▶ [Task requirements]
Start at the first line below and write out everything verbatim except the pictures.

▶ [Data below]
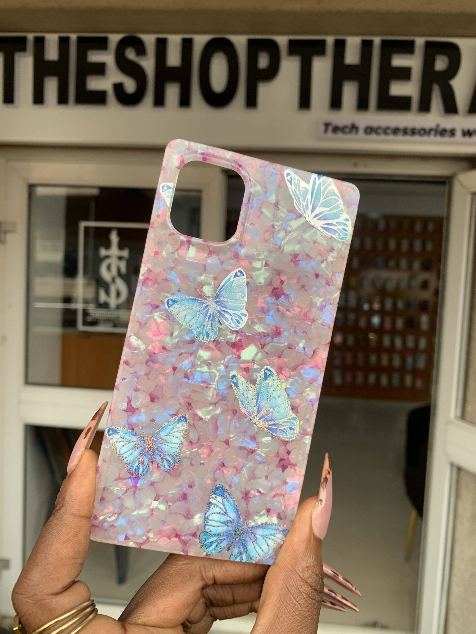 PINK REFLECTIVE BUTTERFLY SQUARE 11
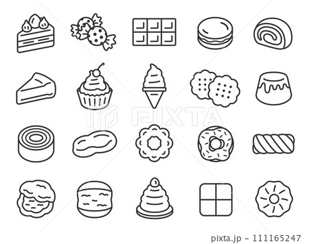 スイーツのアイコン(線画)のイラストセット
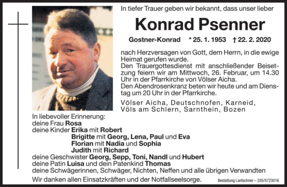 am Mittwoch, 26. Februar, um 14.30 Uhr in der Pfarrkirche von Völser Aicha.

▶ [Written reply]
 PINK REFLECTIVE BUTTERFLY SQUARE 11
 スイーツのアイコン(線画)のイラストセット
 am Mittwoch, 26. Februar, um 14.30 Uhr in der Pfarrkirche von Völser Aicha.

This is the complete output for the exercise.